Supplied data:
○ ○ ○ ○ ○

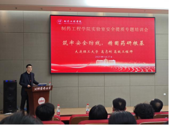 5月27日下午,今年会在南校区图书馆国为报告厅举办“筑牢安全防线,精固药研根基”——实验室安全提质专题培训会,邀请大连理工大学化工学院专家高志刚就实验室安全管理作专题培训。校资产与实验室安全管理处处长刘玉成、学院领导班子成员、教研室主任、实验中心主任、研究生导师、实验室安全负责人及实验室安全员参加本次培训,会议由今年会副院长秦铭泽主持。
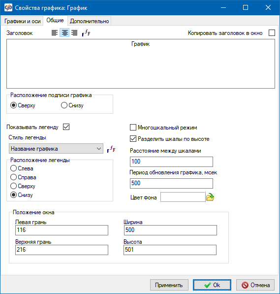 - Заголовок - наименование графика (вверху и в заголовке окна), можно задать параметры шрифта;
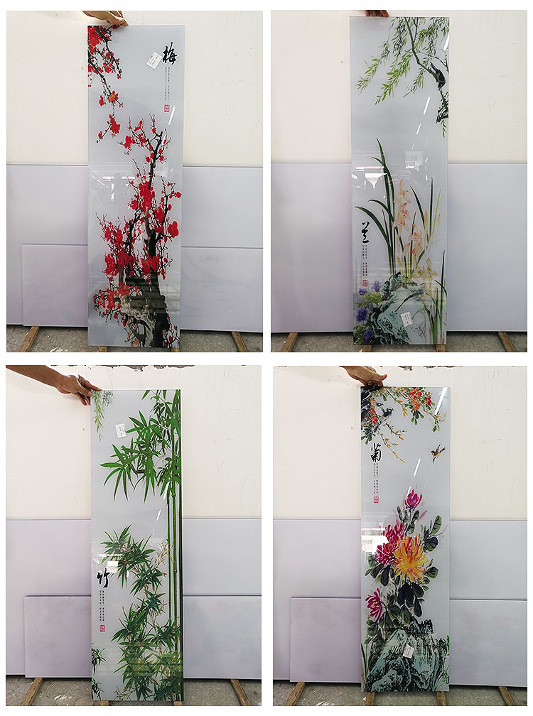 Plum, orchid, bamboo and chrysanthemum 3D art glass ceiling acrylic Chinese porch aisle light-transmitting glass ceiling Suihan Sanyou

○ ○ ○ ○ ○

Task instructions:
Transcribe all of the data above verbatim but omit every picture.

Problem solution:
 5月27日下午,今年会在南校区图书馆国为报告厅举办“筑牢安全防线,精固药研根基”——实验室安全提质专题培训会,邀请大连理工大学化工学院专家高志刚就实验室安全管理作专题培训。校资产与实验室安全管理处处长刘玉成、学院领导班子成员、教研室主任、实验中心主任、研究生导师、实验室安全负责人及实验室安全员参加本次培训,会议由今年会副院长秦铭泽主持。
 - Заголовок - наименование графика (вверху и в заголовке окна), можно задать параметры шрифта;
 Plum, orchid, bamboo and chrysanthemum 3D art glass ceiling acrylic Chinese porch aisle light-transmitting glass ceiling Suihan Sanyou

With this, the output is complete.